Images don't belong in the copy. Output the rest of the data exactly.
#### COLLECTED MATERIAL
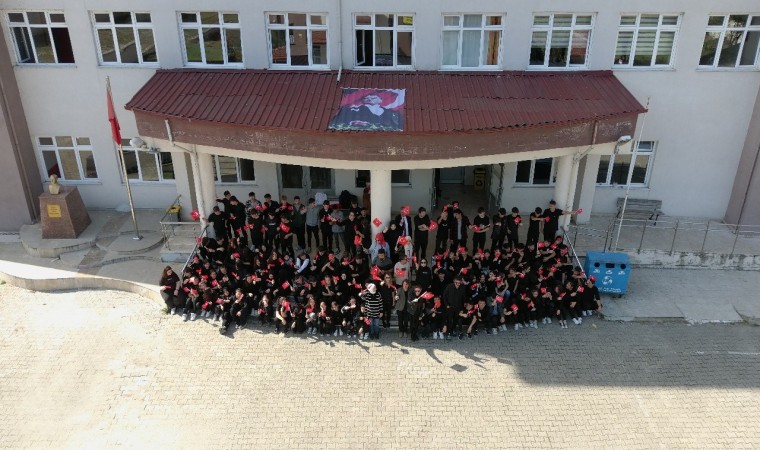 Yenice ilçesine bağlı Yortan Beldesindeki Çok Programlı Anadolu Lisesi öğrencileri ve öğretmenleri "100. Yıl" yazılı koreografı oluşturdu.
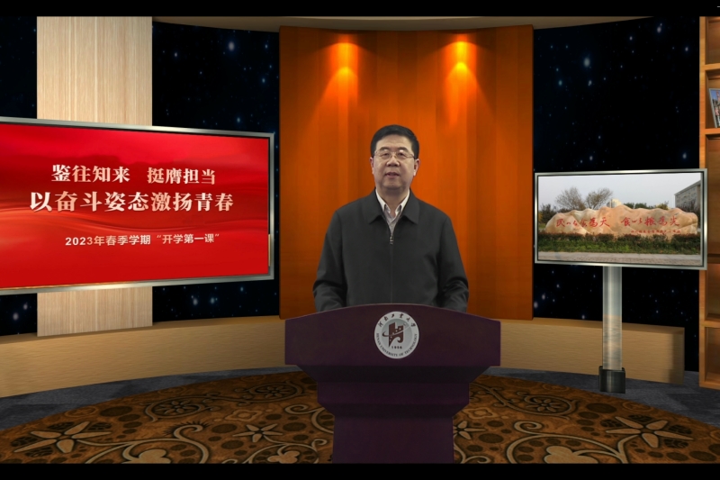 為深入學習貫徹習近平新時代中國特色社會主義思想和黨的二十大精神,教育引導廣大師生以高昂的斗志和青春的姿態開啟新的學期,踏上新的征程。校黨委書記劉志軍以視頻方式為全校師生講授題為《鑒往知來 挺膺擔當 以奮斗姿態激揚青春》的春季學期開學第一課。
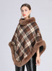 Plaid Plus Imitation Rex Rabbit Fur Collar Shawl Knitting
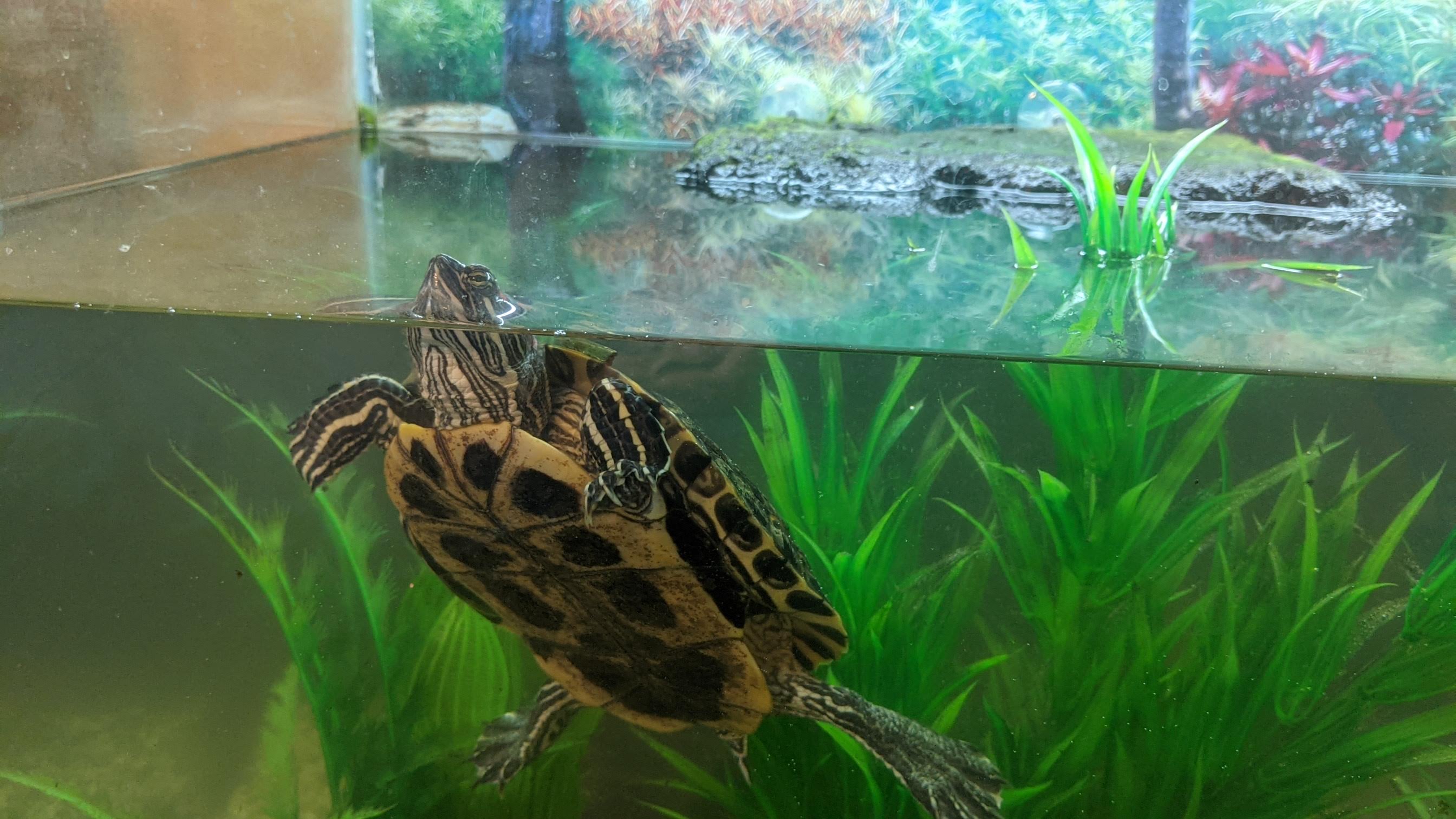 Teddy is my pet Red-Eared Slider turtle. He lives in a 50 gallon tank with some plants and a turtle dock to bask on. He is very defensive and always hisses at me, but when I feed him he always comes up to eat and isn't nervous at all. He just turned 4 on March 22nd 2021.
########
▶ **TASK RESULT**:
 Yenice ilçesine bağlı Yortan Beldesindeki Çok Programlı Anadolu Lisesi öğrencileri ve öğretmenleri "100. Yıl" yazılı koreografı oluşturdu.
 為深入學習貫徹習近平新時代中國特色社會主義思想和黨的二十大精神,教育引導廣大師生以高昂的斗志和青春的姿態開啟新的學期,踏上新的征程。校黨委書記劉志軍以視頻方式為全校師生講授題為《鑒往知來 挺膺擔當 以奮斗姿態激揚青春》的春季學期開學第一課。
 Plaid Plus Imitation Rex Rabbit Fur Collar Shawl Knitting
 Teddy is my pet Red-Eared Slider turtle. He lives in a 50 gallon tank with some plants and a turtle dock to bask on. He is very defensive and always hisses at me, but when I feed him he always comes up to eat and isn't nervous at all. He just turned 4 on March 22nd 2021.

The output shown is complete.